Advanced Data Visualization for Data Science in Python

How to make cool, fully interactive graphics with one line of Python

image

Undervalued misconception is one of many harmful cognitive biasesvictims of which are people. It belongs to our tendency to continue to devote time and resources to the lost cause, because we have already spent – drowned – so much time in pursuit. The undervalued misconception applies to staying on a bad job longer than we should, slavishly working on a project, even when it is clear that it will not work, and yes, continuing to use the tedious, outdated charting library – matplotlib – when there are more effective, interactive, and more attractive alternatives.

Over the past few months, I realized that the only reason I use matplotlib is the hundreds of hours I spent on learning complex syntax. These difficulties lead to hours of frustration by figuring out on StackOverflow how format dates or add second y axis. Fortunately, this is a great time to plot in Python, and after exploring options, the clear winner – in terms of ease of use, documentation and functionality – is plotly library. In this article, we dive right into plotly, learning how to create better graphics in less time — often with a single line of code.

All the code for this article is available on github. All graphs are interactive and can be viewed on NBViewer.

image

Plotly Overview

Package plotly for Python is an open source library, built on plotly.jswhich, in turn, is built on d3.js. We will use a wrapper over plotly called cufflinksdesigned to work with Pandas DataFrame So, our stack cufflinks> plotly> plotly.js> d3.js – this means that we get the efficiency of programming in Python with incredible interactive graphics capabilities d3.

(Itself Plotly – graphic company with multiple open source products and tools. The Python library is free to use, and we can create an unlimited number of diagrams offline plus up to 25 diagrams online to share them with the whole world.)

All of the work in this article was done on a Jupyter Notebook with plotly + cufflinks working offline. After installing plotly and cufflinks with pip install cufflinks plotly import the following to run in jupiter:

# Standard plotly imports
import plotly.plotly as py
import plotly.graph_objs as go
from plotly.offline import iplot, init_notebook_mode
# Using plotly + cufflinks in offline mode
import cufflinks
cufflinks.go_offline(connected=True)
init_notebook_mode(connected=True)

Distributions of single variables: histograms and box rafts

Charts with one variable – one-dimensional – are the standard way to start the analysis, and the histogram is the transition graph (although with some problems) to plot the distribution.
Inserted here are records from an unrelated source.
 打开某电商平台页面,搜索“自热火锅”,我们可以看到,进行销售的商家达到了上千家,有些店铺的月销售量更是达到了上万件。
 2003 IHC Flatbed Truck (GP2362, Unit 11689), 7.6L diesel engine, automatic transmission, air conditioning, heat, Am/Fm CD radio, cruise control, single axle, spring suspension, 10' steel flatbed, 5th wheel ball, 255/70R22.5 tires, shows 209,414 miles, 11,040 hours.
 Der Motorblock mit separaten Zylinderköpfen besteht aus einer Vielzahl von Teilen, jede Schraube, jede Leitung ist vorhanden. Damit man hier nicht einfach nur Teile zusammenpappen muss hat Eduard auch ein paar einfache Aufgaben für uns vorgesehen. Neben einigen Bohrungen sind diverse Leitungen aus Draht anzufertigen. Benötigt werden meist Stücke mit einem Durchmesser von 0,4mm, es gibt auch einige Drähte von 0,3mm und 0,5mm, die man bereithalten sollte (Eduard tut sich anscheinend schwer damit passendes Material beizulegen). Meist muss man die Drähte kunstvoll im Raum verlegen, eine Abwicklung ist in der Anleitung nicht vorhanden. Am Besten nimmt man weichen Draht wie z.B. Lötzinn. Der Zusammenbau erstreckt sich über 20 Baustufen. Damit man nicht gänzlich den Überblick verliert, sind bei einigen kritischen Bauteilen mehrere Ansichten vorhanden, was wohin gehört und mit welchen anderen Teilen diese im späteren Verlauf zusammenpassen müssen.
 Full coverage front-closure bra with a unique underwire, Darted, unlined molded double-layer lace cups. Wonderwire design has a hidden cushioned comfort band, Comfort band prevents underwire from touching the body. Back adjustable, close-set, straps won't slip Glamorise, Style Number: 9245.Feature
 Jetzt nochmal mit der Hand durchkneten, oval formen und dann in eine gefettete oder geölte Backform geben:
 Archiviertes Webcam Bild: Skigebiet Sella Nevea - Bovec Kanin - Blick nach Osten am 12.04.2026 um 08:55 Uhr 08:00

Here, using my average article statistics (you can see how get your own stats here or use mine), let’s make an interactive histogram of the number of pops on articles ( df Is a standard Pandas data frame):

df['claps'].iplot(kind='hist', xTitle="claps",
                  yTitle="count", title="Claps Distribution")

image

For those who are used to matplotlib, all we need to do is add another letter (iplot instead plot), and we will get a much more beautiful and interactive chart! We can click on the data in order to receive more detailed information, increase the scale of the chart sections and, as we will see later, select different categories.

If we want to build superimposed histograms, it is just as simple:

df[['time_started', 'time_published']].iplot(
    kind='hist',
    histnorm='percent',
    barmode="overlay",
    xTitle="Time of Day",
    yTitle="(%) of Articles",
    title="Time Started and Time Published")

image

A little manipulation Pandaswe can make a barplot:

# Resample to monthly frequency and plot 
df2 = df[['view','reads','published_date']].
         set_index('published_date').
         resample('M').mean()
df2.iplot(kind='bar', xTitle="Date", yTitle="Average",
    title="Monthly Average Views and Reads")

image

as we have seen, we can combine force pandas with plotly + cufflinks. For boxplot distribution of fans by publication, we use pivotand then plot:

df.pivot(columns="publication", values="fans").iplot(
        kind='box',
        yTitle="fans",
        title="Fans Distribution by Publication")

image

The benefits of interactivity are that we can research and post data as we see fit. There is a lot of information in the box raft, and without the ability to see the numbers, we will miss most of it!

Scatter chart

The scatter plot is the heart of most analyzes. This allows us to see the evolution of a variable over time or the relationship between two (or more) variables.

Time series

A significant part of the real data has an element of time. Fortunately, plotly + cufflinks was designed with time series visualization in mind. Let’s make a data frame from my TDS articles and see how trends have changed.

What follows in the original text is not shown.